Professor Smith said that Hugh immensely valued his role as a lecturer. He said: “His Penguin history is dedicated, quote ‘to all my pupils, past, present and to come’. In the preface he writes ‘I have learned a lot from my students, both through discovering what they needed to know and, when they ask me questions I couldn’t answer, where my own ignorance lay’.”
After retiring from full-time teaching, Hugh completed his life’s major work, his “magisterial” biography of Tocqueville, which was “universally lauded as a masterly achievement”.
Dr Jeremy Krikler, from the Department of History, said: “The Department mourns the passing of one of its truly original and highly-distinguished colleagues. He greatly expanded our reach through being one of the best-selling authors in the University’s history. His books, written with an astonishingly-fluent and elegant prose, have collectively sold hundreds of thousands of copies.
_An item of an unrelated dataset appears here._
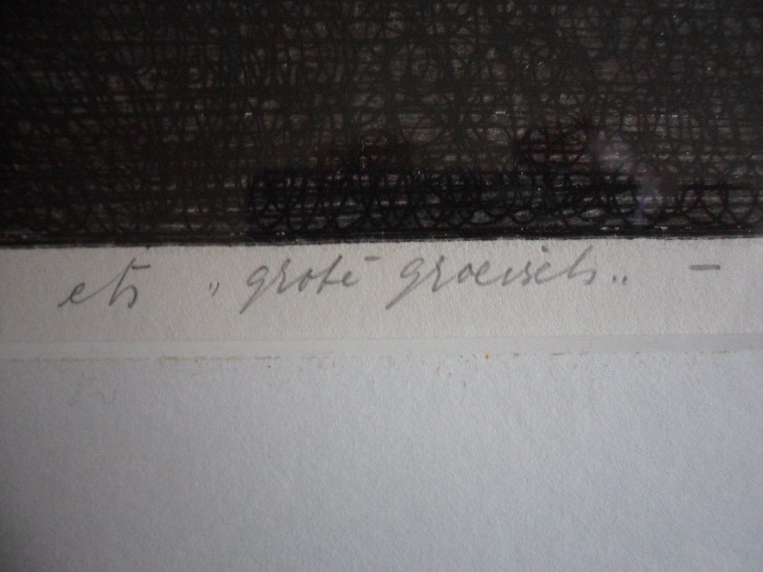 Het werk is links onderin , met potlood, gesigneerd door de kunstenaar.

“Hugh was a welcoming and consistently supportive colleague. His generous endowment to the Department will continue to support postgraduate research students. We shall all miss his presence, good humour, warmth and wisdom.”
As an Emeritus Professor, Hugh maintained strong links with the Department of History and the wider University visiting regularly and continuing to work on his research in the Albert Sloman Library. He was working on a new book at the time of his death on Friday 26 July 2019.